It may sound cliché, but the survival of our nation’s better angels depends on the fire of youth. Still, older generations offer a lived experience that younger ones often overlook, and not always unfairly. Baby Boomers, Generation X, Millennials, Gen Z, and now the rising Gen Alpha live in a tangle of contradictions that don’t fit neatly into boxes, no matter how many think pieces try.
Each generation thinks in its own key, shaped by the paradigms of its time. The ideas that guided one cohort often seem outdated or alien to the next. That divide only begins to soften through shared storytelling, historical excavation, and a mutual reverence for change, even when that change is hard to stomach.
I remain fascinated by the power of generational experience. Take the classic “Boomer, please” retort. It’s a tidy little package of resentment and eye roll. A jab at a generation raised in a country flush with postwar wealth and high on its own potential, where eradicating poverty didn’t seem like a pipe dream but a reasonable policy goal. That wide-eyed Americana optimism helped inspire movements for social justice and emotional growth. But the same generation also helped pave the road to today’s bloated inequality, often blinded by its own self-mythology and addiction to upward mobility.
Meanwhile, younger generations, like late Millennials and Gen Z, especially, feel little obligation to honor the norms their parents accepted as gospel. The hustle culture that burned out Boomers now looks like a cautionary tale. So does the tolerance for mental health neglect, war-as-default foreign policy, and the endless erosion of the social contract. We were raised in an information flood (access to knowledge our elders could only dream of), and with that comes a sharp eye for hypocrisy, even in the so-called intellectual heavyweights.
And yet, for all the connection, we live in an era of profound social isolation. The record store, the bookstore, the arcade. These third places of old are giving way to scrollable solitude. We can message across the planet in a heartbeat, but still feel stuck in a room alone, trying to decode someone’s feelings through a string of emojis.
This isn’t a judgment, it’s a reality, not for all, but for many.
The most revealing part of studying generational dynamics is this: we’re wired to critique the excesses of the past while romanticizing our own. My generation (born in 1994) and those younger often call out our elders for voting away the safety net, cosigning endless war, and letting segregation slink back in through silence and zoning laws. However, we also tend to overlook the traumas that shaped them, such as growing up under the stern gaze of the Silent and G.I. generations, whose parenting playbook borrowed heavily from the military-industrial complex.
Imagine being raised by people who lived through the Depression, fought in the Second World War, and then had to explain why a world that once celebrated Civil War veterans now delivered instant TV, supersonic jets, and a Big Mac in under five minutes. The pace of change was blinding. So were the flashbangs from police riots and COINTELPRO surveillance. Sometimes retreating into private wealth wasn’t selfishness; it was a form of shell shock.
That doesn’t excuse the harm. But it does complicate the story.
To reflect on generational difference is to sit with tension; it’s beautiful, scary, and humbling. It’s precisely the mindset for a sleepy July evening, when the air is thick with time and old radio songs.

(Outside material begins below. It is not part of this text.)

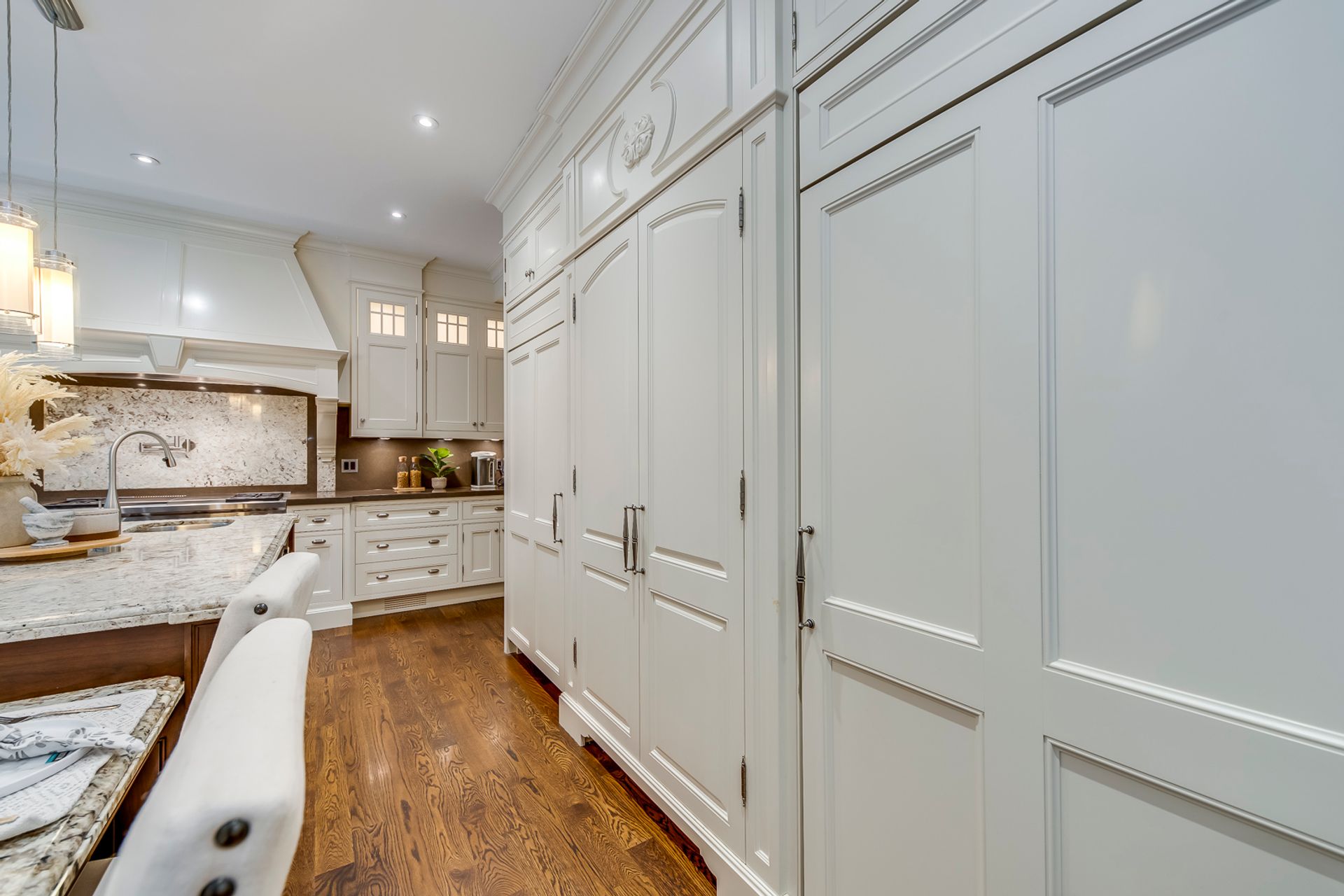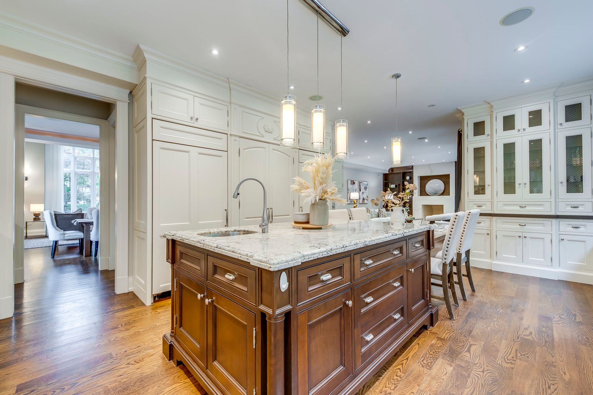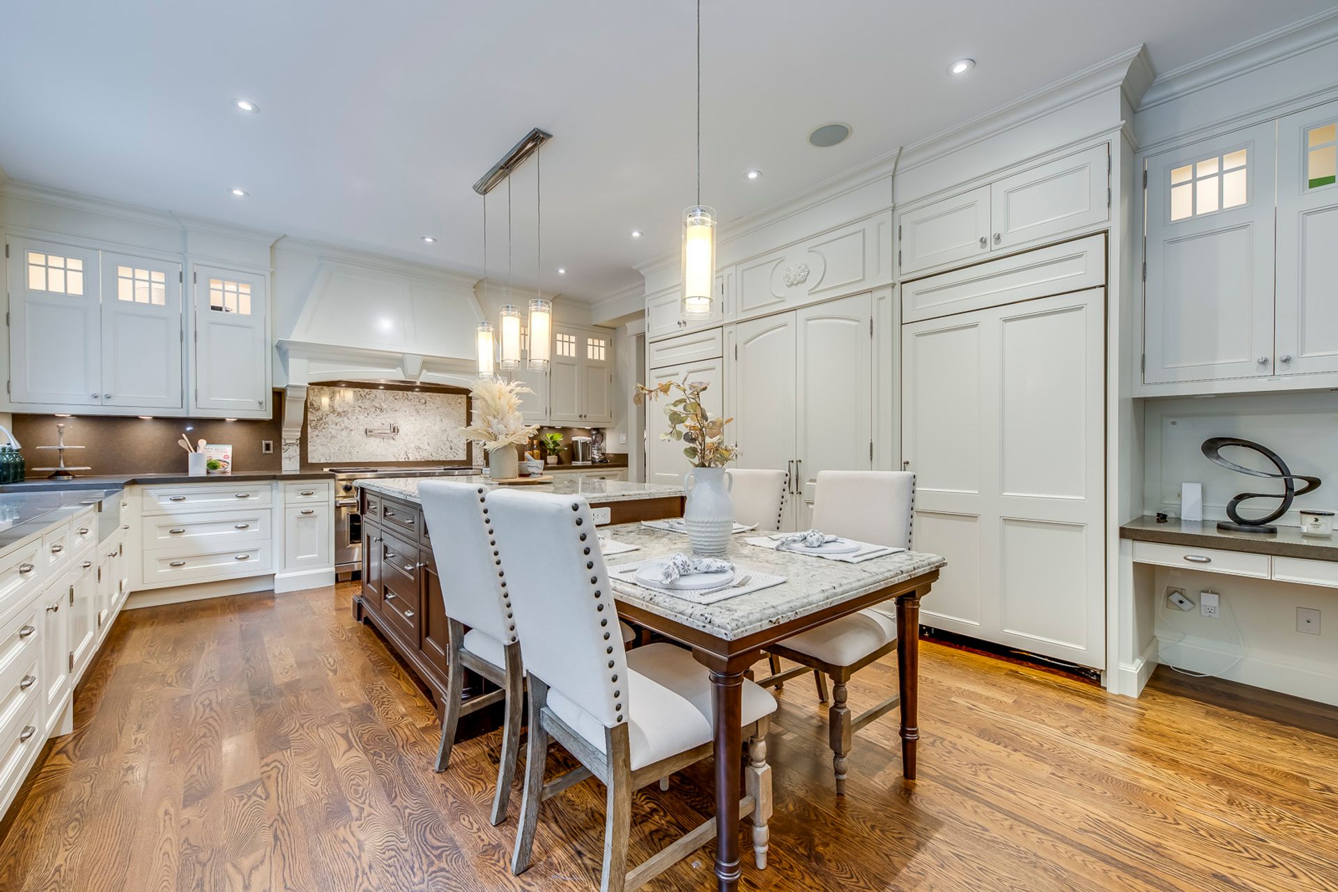 Outstanding Gourmet Kitchen Boasts Huge Island with Built-in Table, Quartz Countertops, Separate SubZero Refrigerator & Freezer, Professional Wolf Gas Stove & Pot Filler Tap, Convenient Servery Area with Built-in Beverage Fridge & Walk-in Pantry with Built-in Shelving, Plus Built-in Window Seat & Stunning Wall of Windows Overlooking the Patio, Pool & Greenspace!

May we all age with grace, and remember: the past doesn’t disappear — it echoes.
Happy Hump Day.
An another excellent essay Stew. I was 17 when the last civil war veteran died. As an infant I was rocked to sleep by a great grandmother who herself was only an infant when her father in barefeet Marched up the dirt road to join Bells (37th regiment) only to die at Camp Hope (renamed Nelson which the troops called Camp Death, some 75 days later, and he is buried in a mass grave on the side of a hill along with 1,500 other lads who joined the 9th Arkansas and 10th Texas in a fit of patriotic fervor. A great uncle was wounded in Corinth and died in a confederate hospital. Illiterate farmers, both of them, but like all of their time, subject to the propaganda emanating from press and pulpit. The call to arms to preserve the finances and social status of their "betters"
Thom Hartmann has talked about the 80 year interregnum, and I think it comes from a book.
It seems that it take 80 years before the muscle memory of the last great war or social dislocation took place. for the living memory passes on, and what do the elders know, befuddled old folks, with Alzheimers, failing memories, dementia.
Good riddance to the non productive drain on society and the taxpayer, time to reinvent the wheel, and reinventing the wheel is exactly what is going on, but first the job of burning it into ashes is not yet complete, but Trump and the Heritage foundation are working on it.
It is a totally new world that you will be living in Stew, me,well I'm on my way out, I can say this though, I have survived the very best of times this nation has ever seen, in particular I survived Vietnam whereas the rest of my team didn't
I am pretty sure that you aren't Gen Z, my guess is Gen Y, but you and they and Gen X are going to have to live with the world you have created, when you all cast your ballot for Trump is decided not to vote or voted for a third party.
As I have been told, you made your bed now sleep in it.
There was a time I wanted to be immortal, but not I see that mortality is a blessing.
A great article stew, with which I agree, no criticism just adding my own thoughts and observations.
This was such a good write up! I enjoyed reading it.